Shacking up with tarantulas, scorpions, and ants would be a nightmare for most people. But for others, these creepy-crawlies are welcome companions and collectables.
Global demand for exotic pets is rising, fuelled by social media and a shift from traditional brick-and-mortar pet stores to online marketplaces. The pet trade now extends beyond well known species such as parrots, reptiles and fish to a wide variety of invertebrates (animals without backbones) – from both land and water.
In our new research, we explored the rapidly growing trade in land-based invertebrates across 23 Australian online pet stores and one popular classifieds website. We found an astonishing 264 species traded online – from spiders and scorpions, to beetles and snails. The most commonly advertised species were stick insects, tarantulas and ants – we found a staggering 57 species of ant for sale.
While most of the invertebrates were native to Australia, we also exposed trade in three highly invasive alien species. The white garden snail, the Asian tramp snail and the African big-headed ant all pose serious threats to Australia’s biosecurity. They threaten agriculture, forestry and even public health.

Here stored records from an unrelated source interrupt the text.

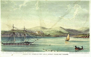 On his arrival in Port Louis, on 30 November 1837, Lowcay found only Smith, one of his boat's crew, a German tailor, a French gardener and three women; the other inhabitants were absent sealing in the schooner Montgomery. One of Lowcay's first tasks was to inform the master of the French whaler La Perseverance that the British government asserted in the strongest manner their sovereignty over the Falkland Islands and their right to prevent foreign vessels from fishing within three miles of the shore and that cattle, horses and wild animals were protected. Subsequently La Perseverance was wrecked near New Island, the survivors being taken to Río de Janeiro in the Montgomery.
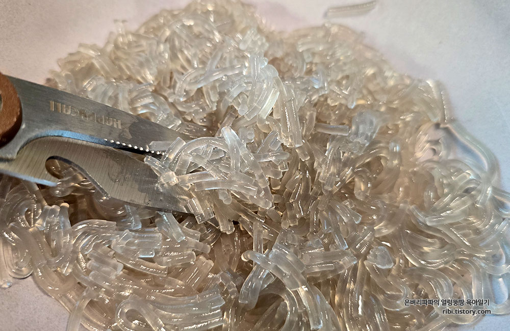 전자레인지에서 꺼낸 당면은 가위로 잘게 잘라주세요.
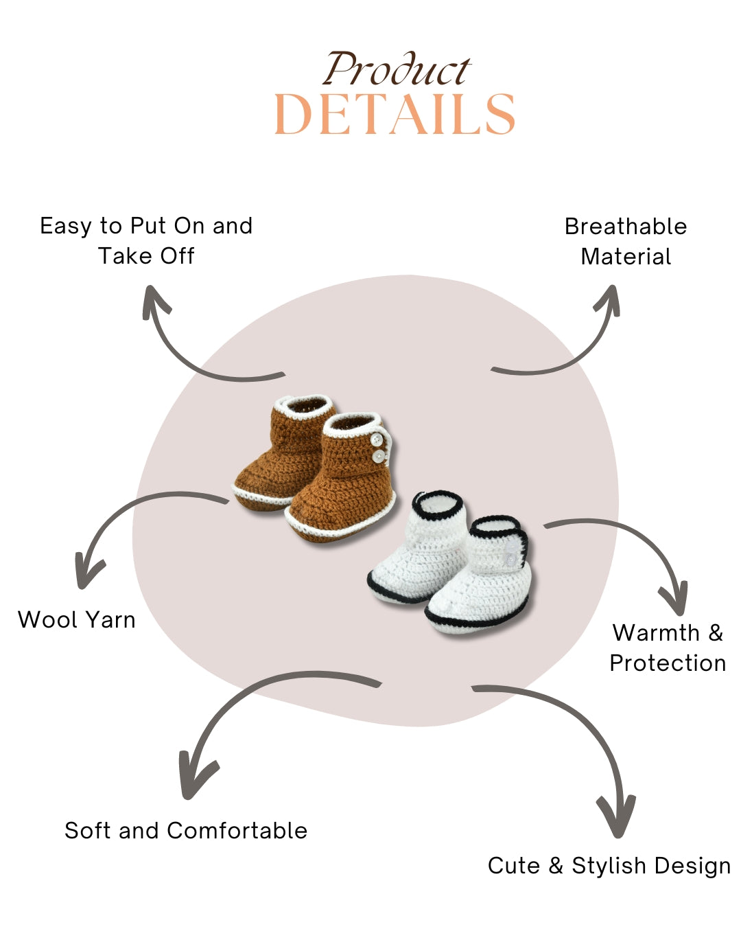 Elevate your baby girl’s wardrobe with our Handmade Crochet Baby Booties Pack of 2 in Brown and White. Crafted from cozy acrylic wool, these booties offer a snug fit and easy slip-on design.
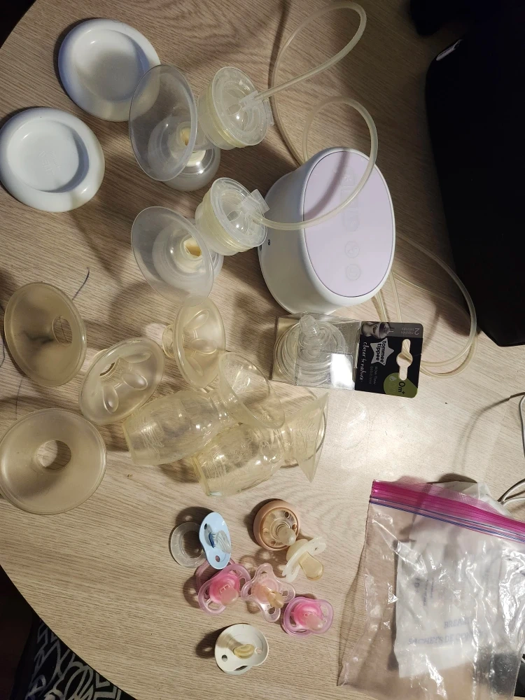 Selling an Avent breast pump along with a collection of pacifiers and unused Tommee Tippee bottle teats. It includes various components and accessories, perfect for new parents. The pacifiers are in different colours and styles. Includes carrying bag. All items are clean and ready for a new home!
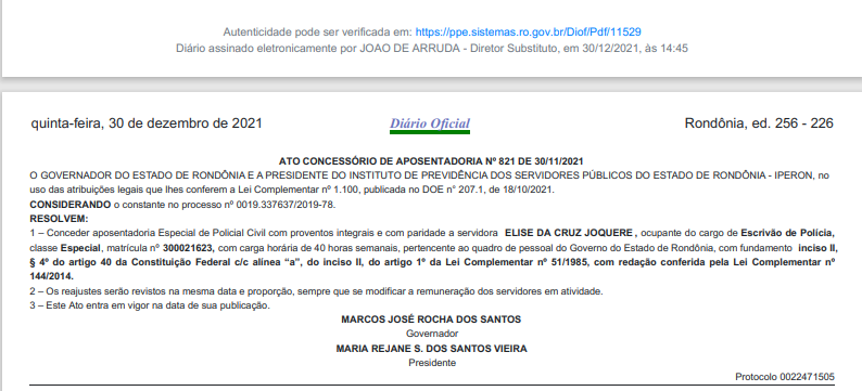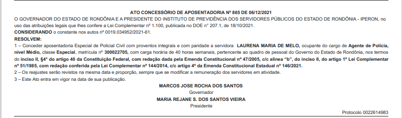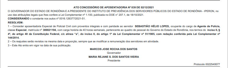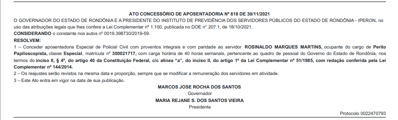 A diretoria do Sindicato dos Servidores da Polícia Civil de Rondônia (SINPOL-RO), informa a publicação no Diário Oficial do Governo de Rondônia, dos nomes de Policiais Civis, que receberam o benefício da aposentadoria especial com salário integral e com PARIDADE, após relevantes serviços prestados à Segurança Pública e ao Estado de Rondônia. De acordo com a Diretoria, a publicação é o resultado de um trabalho árduo realizado pelo SINPOL, para que o Estado garanta ao policial sua aposentadoria ESPECIAL COM TODOS OS DIREITOS E VANTAGENS DO CARGO. O presidente Rodrigo Marinho, explica que havia cerca de 300 processos de aposentadoria em andamento, e que o sindicato mantém uma rotina de trabalho na esfera administrativa e política para que haja mais celeridade e redução no tempo de espera. Há ainda um trabalho de articulação política para que o projeto de Lei que tramita na Assembleia Legislativa de Rondônia, o qual determina o prazo de 90 dias para a conclusão do processo de aposentadoria, que quando DEFERIDO, seja CUMPRIDO pelo Governo de Rondônia. O presidente classifica como inconcebível o fato de o governo, atualmente, demorar anos para fazer a análise de um pedido de aposentadoria. Para que haja celeridade nos processos em andamento, o SINPOL realiza, diariamente, visitas aos órgãos competentes do governo, bem como ao Instituto de Previdência de Rondônia (IPERON), além do acompanhamento direto, caso a caso, para que o tempo de tramitação seja reduzido ao máximo, relata o diretor-financeiro, José Ribeiro. Confira as imagens da publicação realizada no Diário Oficial do Estado, em 30 de DEZEMBRO DE 2021, com os nomes dos policiais civis contemplados, abaixo:
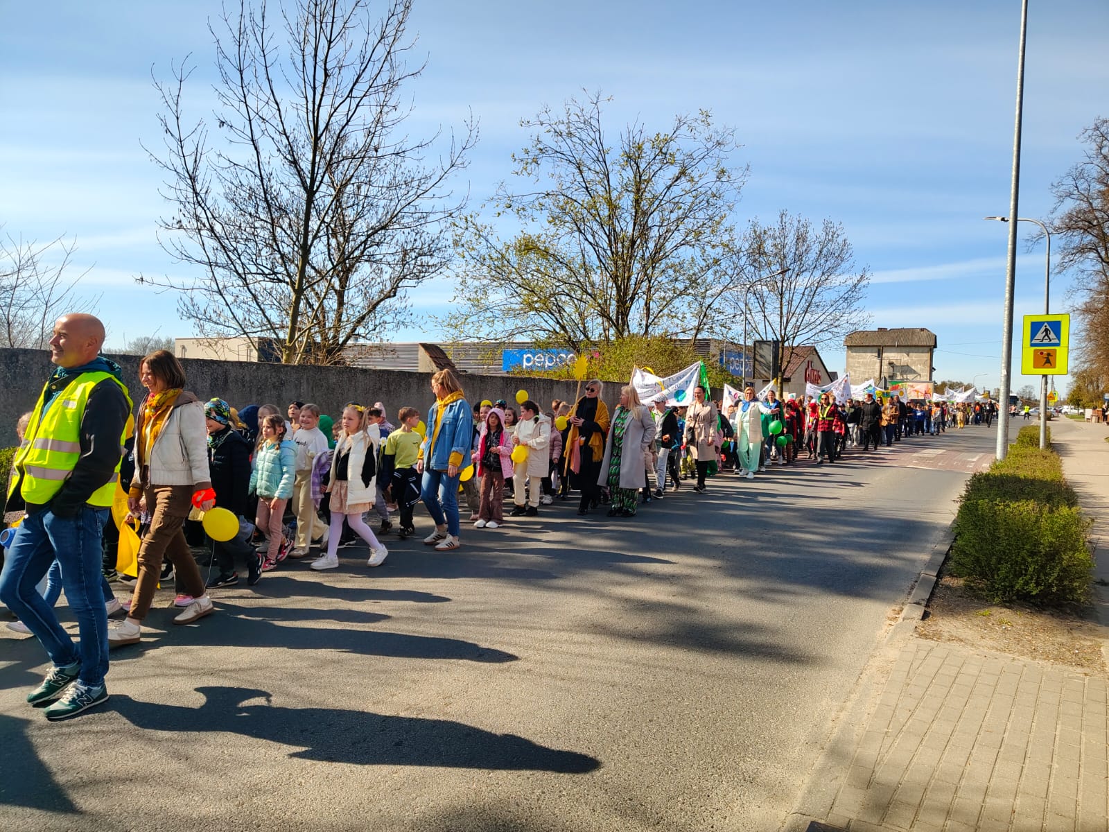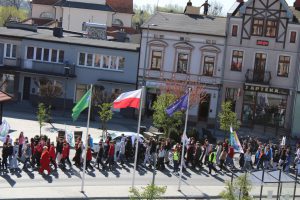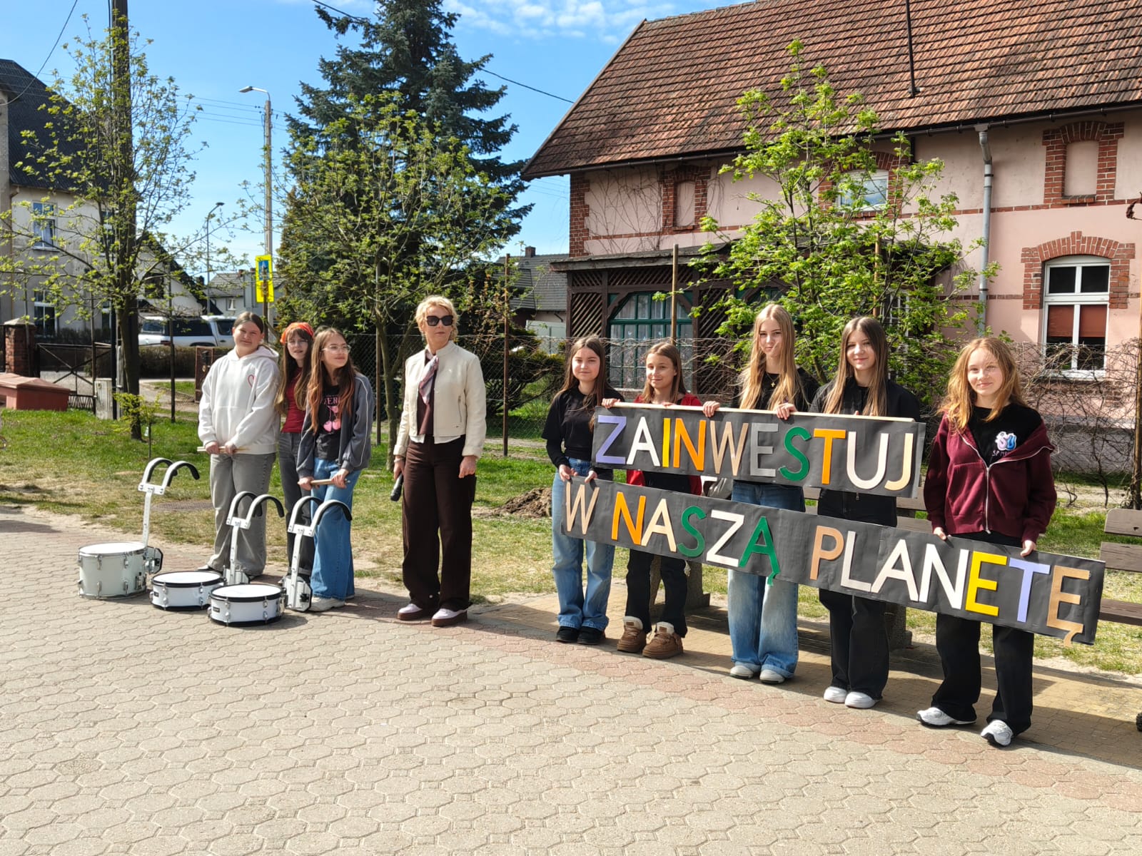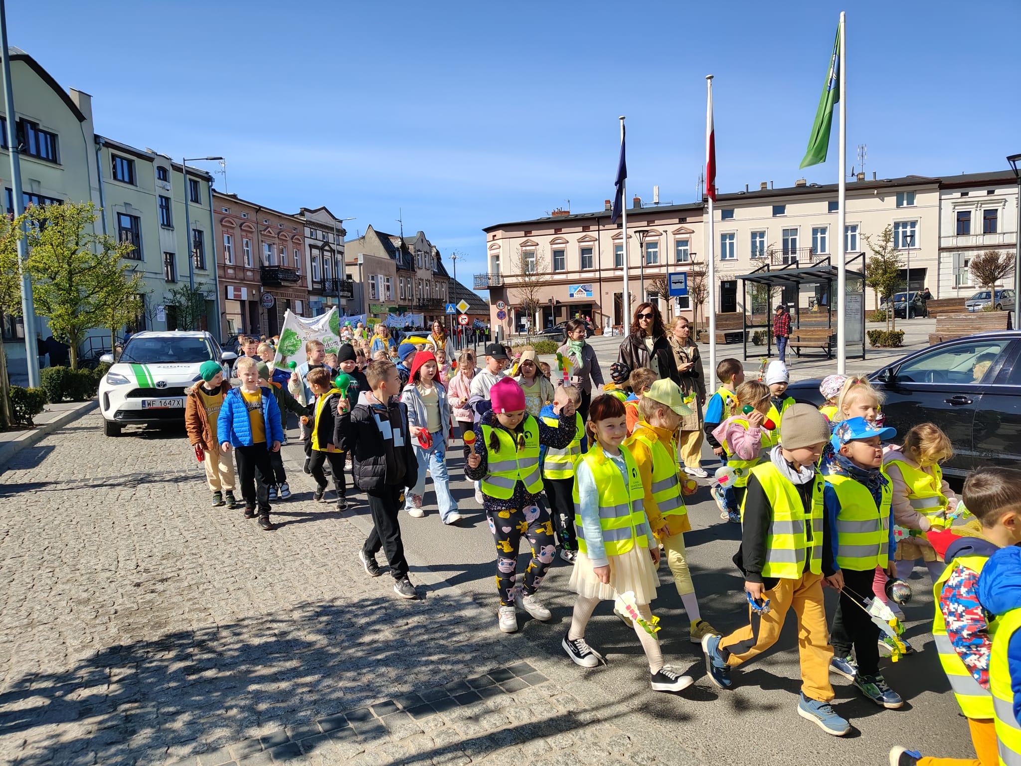 Przedpołudnie 22 kwietnia 2026r. wypełniło ulice naszego miasta niezwykłą energią. Uczniowie naszej szkoły postanowili zamanifestować swoją troskę o losy naszej planety biorąc udział w przemarszu z okazji Dnia Ziemi. O godzinie 10:00 pod eskortą policji, straży miejskiej i ratownictwa medycznego społeczność szkolna w barwnym korowodzie ruszyła do centrum Mroczy. W trakcie marszu uczniowie "zerówki" prezentowali własnoręcznie wykonane chorągiewki w kształcie drzew, młodsze klasy sygnalizowały swoją obecność grzechotkami. Wszyscy skandowali hasła związane z ochroną Ziemi. Pochód prowadziły uczennice z Samorządu Uczniowskiego niosąc motto przewodnie "Zainwestuj w naszą planetę", a za nimi podążała szkolna sekcja werblistów nadając tempo maszerującym. Nad głowami uczestników powiewały transparenty z hasłami, takimi jak:

Our research is the first to reveal the scale and diversity of the invertebrate pet trade in Australia. It’s a fascinating insight into how a hobby or private passion can become both a biosecurity and conservation threat.
The threat of invasive species trade
Occasionally, exotic pets escape captivity, or are released by their owners.
Examples include the Mexican Red Rump Tarantula, now an established alien species in Florida, and the giant African land snail, which causes millions of dollars’ worth of damage to native plants and agricultural crops in many countries all over the world.
To avoid similar cases in Australia, we need better regulation and preventative measures. But why do people want to trade these species in the first place?
We found that some of the most sought-after species are considered “dangerous” and not recommended to be handled. Many of these species could inflict a painful bite or sting. Several are potentially lethal to humans.
Invertebrates are traded across the internet, including the dark web – where we found species such as goliath beetles and Chinese golden scorpions for sale. We also found native Australian invertebrates being traded at European wildlife expositions.
Invertebrates clearly make unique and fascinating pets. Now that we have a better understanding of the scale of the invertebrate pet trade, we must ensure it is managed appropriately.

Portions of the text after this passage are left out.